Why don't rappers ever play hide-and-seek?

Because good luck hiding when your name's always dropping!

What's the difference between Elton John and rapboat?

Elton is talented, rich, and openly gay. Rapboat got fuck all talent, no money, and is not out of the closet yet.

I was out to dinner with my 19 year old girlfriend. I, being 47, had many people shouting at me and calling me a creep.

It really ruined our 10th anniversary.

What does Leo have in common with a newspaper?

They both love to yap and babble, and they always get fondled by old people.

What’s something Bill Cosby and Freddy Krueger have in common?

Once you fall asleep, you’re fucked.

I’m not calling you a slut, I’m calling you a penny.

Two-faced, worthless, and in everyone’s pants!

Israel is so fat, when he goes to KFC and they ask what size bucket he wants, he says, "The one on the roof!"😂

I had a broken vacuum, then I put a One Direction sticker on it and it suddenly sucked again.

Do not be racist; be like Mario. He's an Italian plumber, who was made by the Japanese, speaks English, looks like a Mexican, jumps like a black man, and grabs coins like a Jew!

A guy told a beautiful girl, "Hey, I want to make love to you. If I throw $2000 when you go to pick it up, that's when I'll go. Is that okay?"

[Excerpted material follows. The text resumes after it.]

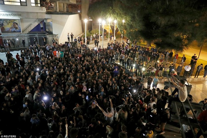 Відомо, що у Сан-Франциско на вулиці вийшли студенти. Вони кричать: «Не мій президент!» та «Ні справедливості, ні миру!».

She called her husband, and he said, "Okay, but pick it up fast so he doesn't have time to pull his pants down."

Four hours later, she shows up to her house and tells her husband, "THAT FUCKER PAID IN COINS!"

What's the difference between 9/11 and a cow?

You can't milk a cow for over 10 years.

My wife hates that I have no sense of direction.

So I packed up my stuff and went right.

I know why Asian's eyes are always closed. It's because Americans are so fat and ugly.

I wore a purple outfit to school, and some Indian kid called me Thanos, so I called him Vision and tried pulling the red dot off his head.